## Exercise prompt
In the records below, tally each line that contains the word "Kabupaten" and give the total only.

## Excerpts from a dataset
<<<<
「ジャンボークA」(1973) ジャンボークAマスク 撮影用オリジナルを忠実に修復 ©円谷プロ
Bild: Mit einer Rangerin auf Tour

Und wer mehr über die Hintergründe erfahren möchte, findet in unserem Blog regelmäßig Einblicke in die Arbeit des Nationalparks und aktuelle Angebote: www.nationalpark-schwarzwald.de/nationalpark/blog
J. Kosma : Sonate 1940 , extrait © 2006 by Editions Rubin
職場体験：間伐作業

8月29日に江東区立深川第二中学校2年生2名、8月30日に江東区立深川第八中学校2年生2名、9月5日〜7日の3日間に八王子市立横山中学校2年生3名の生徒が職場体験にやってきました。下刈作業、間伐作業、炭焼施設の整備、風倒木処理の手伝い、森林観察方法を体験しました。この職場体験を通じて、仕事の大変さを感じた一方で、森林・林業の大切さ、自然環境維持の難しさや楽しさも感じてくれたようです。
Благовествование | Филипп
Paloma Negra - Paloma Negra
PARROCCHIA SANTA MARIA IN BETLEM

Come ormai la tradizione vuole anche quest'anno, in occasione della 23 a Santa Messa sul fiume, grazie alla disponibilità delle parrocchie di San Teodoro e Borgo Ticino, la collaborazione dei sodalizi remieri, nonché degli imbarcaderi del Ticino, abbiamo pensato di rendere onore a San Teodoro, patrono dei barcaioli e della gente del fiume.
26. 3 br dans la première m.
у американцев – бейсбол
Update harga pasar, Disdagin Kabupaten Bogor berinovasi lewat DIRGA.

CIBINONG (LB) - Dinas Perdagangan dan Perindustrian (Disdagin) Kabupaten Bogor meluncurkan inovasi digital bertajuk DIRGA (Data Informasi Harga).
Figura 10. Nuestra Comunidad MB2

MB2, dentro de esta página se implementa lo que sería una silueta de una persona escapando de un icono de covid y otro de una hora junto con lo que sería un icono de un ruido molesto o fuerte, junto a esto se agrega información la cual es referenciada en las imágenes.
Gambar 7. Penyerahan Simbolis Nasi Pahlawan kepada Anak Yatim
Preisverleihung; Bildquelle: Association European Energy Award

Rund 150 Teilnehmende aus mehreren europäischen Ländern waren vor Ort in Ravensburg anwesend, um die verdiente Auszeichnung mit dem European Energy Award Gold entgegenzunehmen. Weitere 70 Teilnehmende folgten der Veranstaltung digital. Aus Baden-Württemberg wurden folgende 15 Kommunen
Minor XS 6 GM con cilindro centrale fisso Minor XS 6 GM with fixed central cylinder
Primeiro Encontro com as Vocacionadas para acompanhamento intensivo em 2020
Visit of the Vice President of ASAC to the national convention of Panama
>>>>
## Expected answer
2